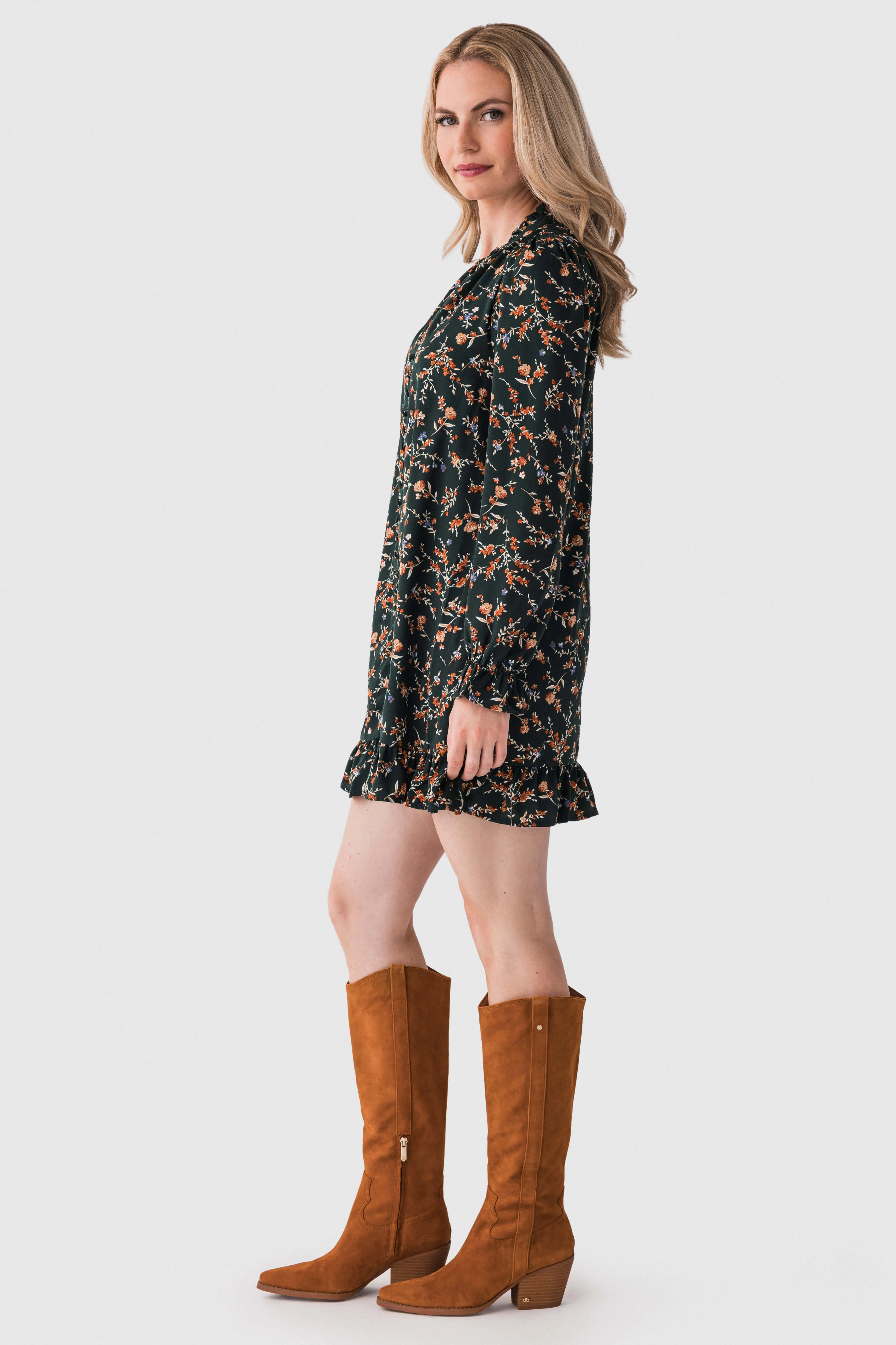 This En Creme Floral Long Sleeve Mini Dress has fall parties pending... Paired with cute boots and a simple bag, you can't argue- this dress knows a good time!
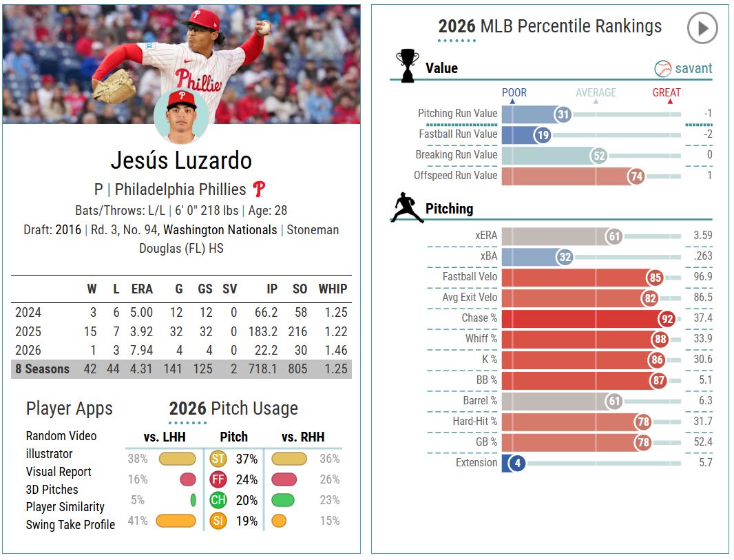 Of course, patience isn’t really a luxury the Phillies can afford right now, and Luzardo’s strong underlying metrics won’t offer much comfort if the results don’t begin to improve soon. Philadelphia needs that to start tonight against the Cubs.
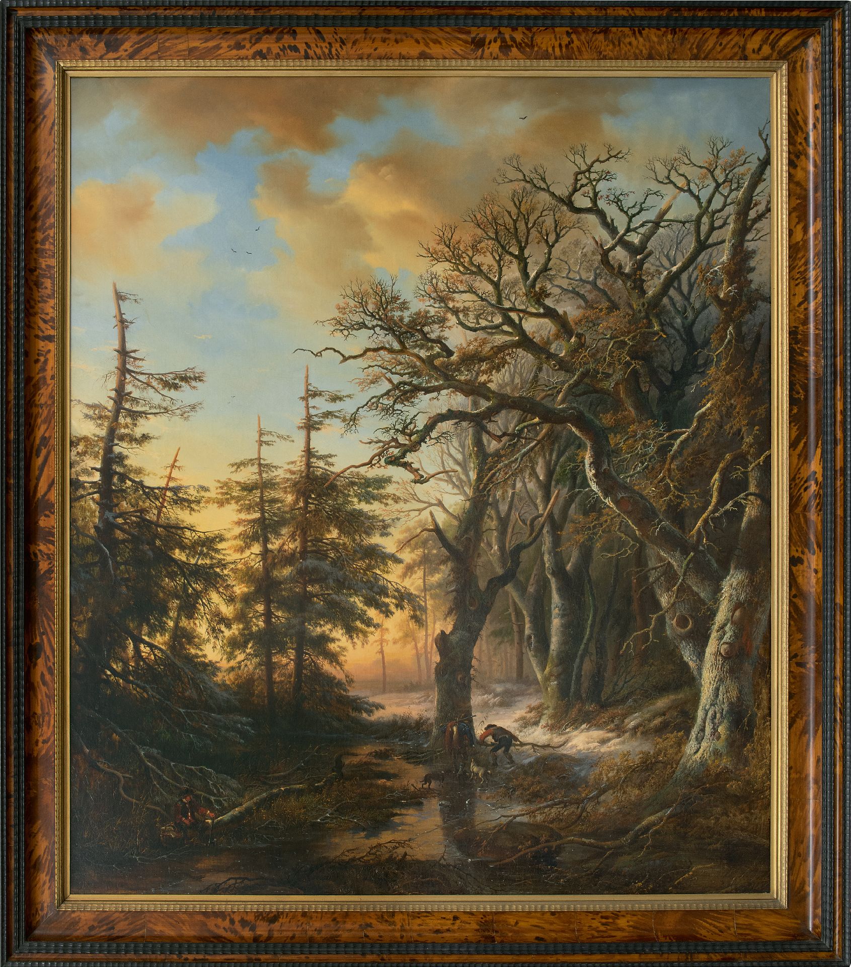 Willem Bodeman kunstwerk • schilderij • voorheen te koop Twee jagers bij een bevroren beek in het bos
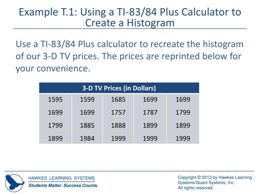 Example T.1: Using a TI-83/84 Plus Calculator to Create a Histogram Use a TI‑83/84 Plus calculator to recreate the histogram of our 3-D TV prices. The prices are reprinted below for your convenience.

□ □ □

__Task to carry out__.
Copy the listing exactly. Leave the pictures out.

__Response for this exercise__.
 This En Creme Floral Long Sleeve Mini Dress has fall parties pending... Paired with cute boots and a simple bag, you can't argue- this dress knows a good time!
 Of course, patience isn’t really a luxury the Phillies can afford right now, and Luzardo’s strong underlying metrics won’t offer much comfort if the results don’t begin to improve soon. Philadelphia needs that to start tonight against the Cubs.
 Willem Bodeman kunstwerk • schilderij • voorheen te koop Twee jagers bij een bevroren beek in het bos
 Example T.1: Using a TI-83/84 Plus Calculator to Create a Histogram Use a TI‑83/84 Plus calculator to recreate the histogram of our 3-D TV prices. The prices are reprinted below for your convenience.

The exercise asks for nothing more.